3. Safer supply programs emerge as a priority for the overdose response

Overdose prevention sites and supervised consumption sites have popped up across the country to respond to an epidemic of opioid overdoses, which claimed nearly 13,000 lives in Canada between 2016 and March 2019. While these sites have been effective at reversing overdoses and linking people to health services, some organizations are piloting programs that also address the root causes of the crisis – a contaminated drug supply.
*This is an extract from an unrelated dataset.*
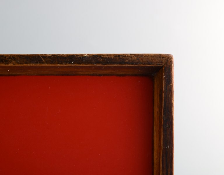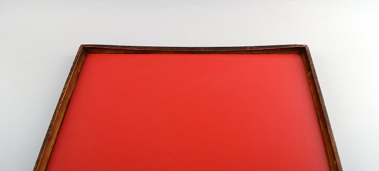 Finn Juhl: Vendbar bakke af teak med rød og sort melamin. Synlige hjørnetapninger. Udført hos Torben Ørskov. 1960'erne. Længde 51 cm. Bredde. 38 cm. I flot stand.

“Safer supply” programs aim to prevent overdoses by providing people dependent on opioids with a prescribed dose of a pharmaceutical opioid, ensuring it is free of contaminants such as fentanyl. The approach has been successful in several European countries and in two groundbreaking Canadian research trials. Several different models of safer supply programs have been implemented in British Columbia and Ontario, with the goal of ensuring people dependent on opioids are no longer reliant on the contaminated illicit market, consequently preventing accidental overdoses and saving lives.

2. Government of Canada launches action plan on sexually transmitted and bloodborne infections

More than 15 years since Canada’s last strategy on HIV/AIDS, the Government of Canada published a new action plan to address sexually transmitted and bloodborne infections. The new action plan emphasizes prevention, improving access to testing and treatment, and reducing stigma and discrimination.

With the first deadline for global HIV and hepatitis C elimination targets approaching next year, the federal government reinforced its commitment to these goals in the action plan, promising to develop “made-in-Canada targets and indicators”.

1. Second person cleared of HIV

Following a similar procedure to the one that cured Timothy Brown of HIV in 2008, researchers in London announced this year that “the London patient” had maintained long-term remission of HIV after stopping treatment.

The procedure, which involved a stem-cell transplant from a donor with an HIV-resistant genetic mutation, is too expensive, medically complex and risky to be a feasible cure on a mass scale. However, the lessons learned from these cases will inform ongoing efforts to refine and test strategies that seek to achieve an HIV cure.